▶ [Exercise objective]: Without including the pictures, copy each line below exactly as it reads.

▶ [Source material]:
════
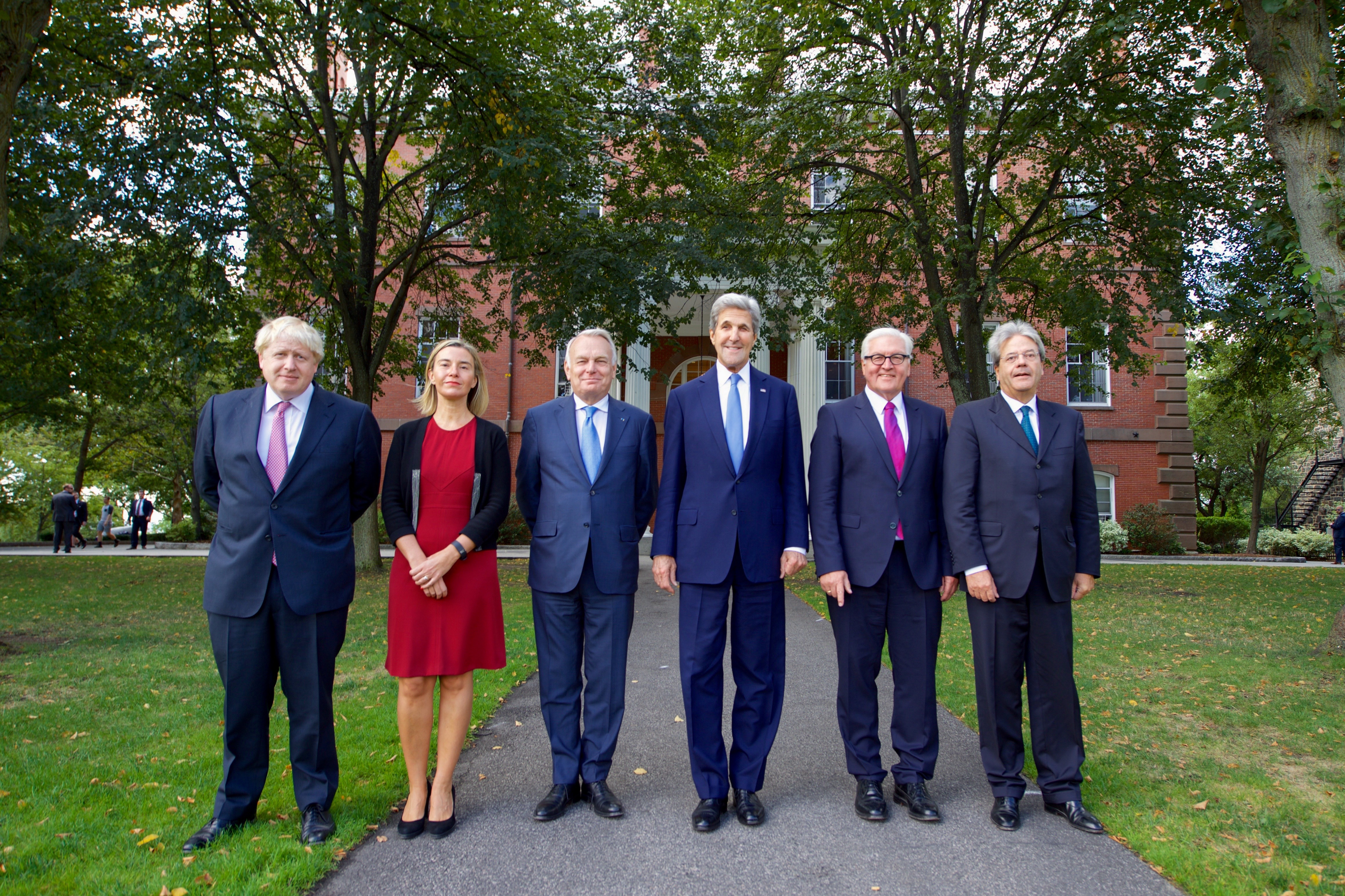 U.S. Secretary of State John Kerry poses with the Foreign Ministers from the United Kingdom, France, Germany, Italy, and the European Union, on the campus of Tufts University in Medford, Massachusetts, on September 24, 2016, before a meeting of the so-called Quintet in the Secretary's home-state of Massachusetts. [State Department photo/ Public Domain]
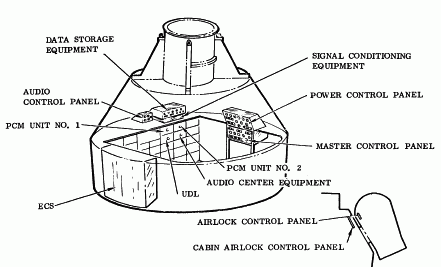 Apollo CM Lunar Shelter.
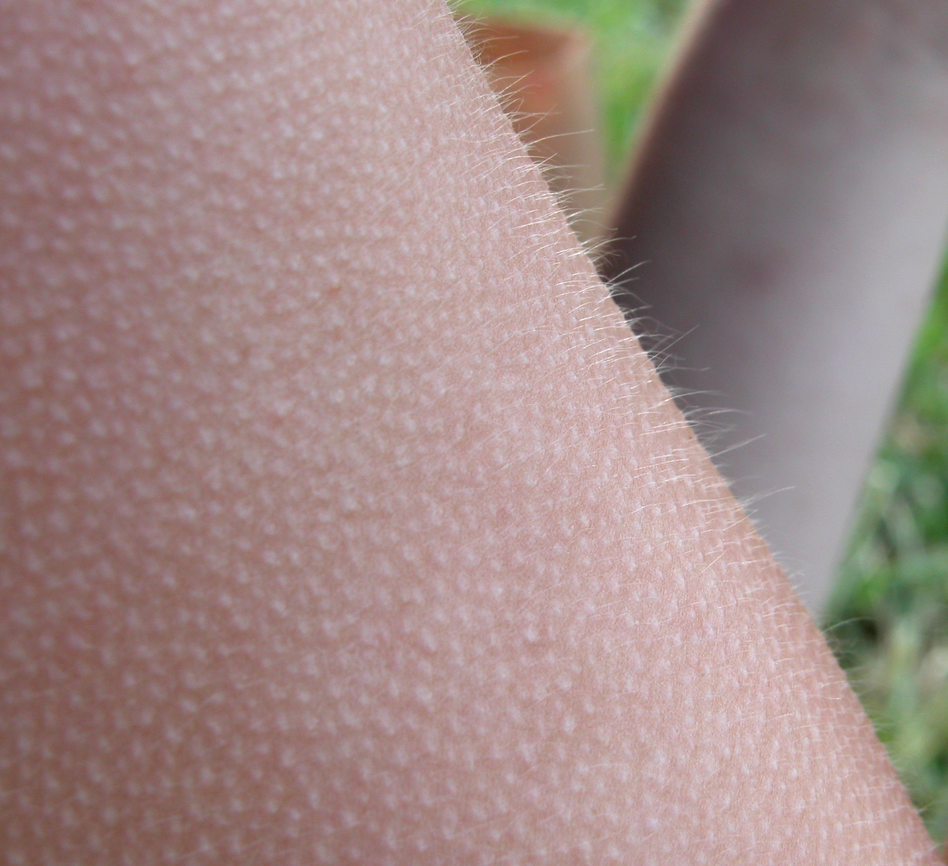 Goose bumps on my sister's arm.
════
▶ [Reply to the exercise]:
 U.S. Secretary of State John Kerry poses with the Foreign Ministers from the United Kingdom, France, Germany, Italy, and the European Union, on the campus of Tufts University in Medford, Massachusetts, on September 24, 2016, before a meeting of the so-called Quintet in the Secretary's home-state of Massachusetts. [State Department photo/ Public Domain]
 Apollo CM Lunar Shelter.
 Goose bumps on my sister's arm.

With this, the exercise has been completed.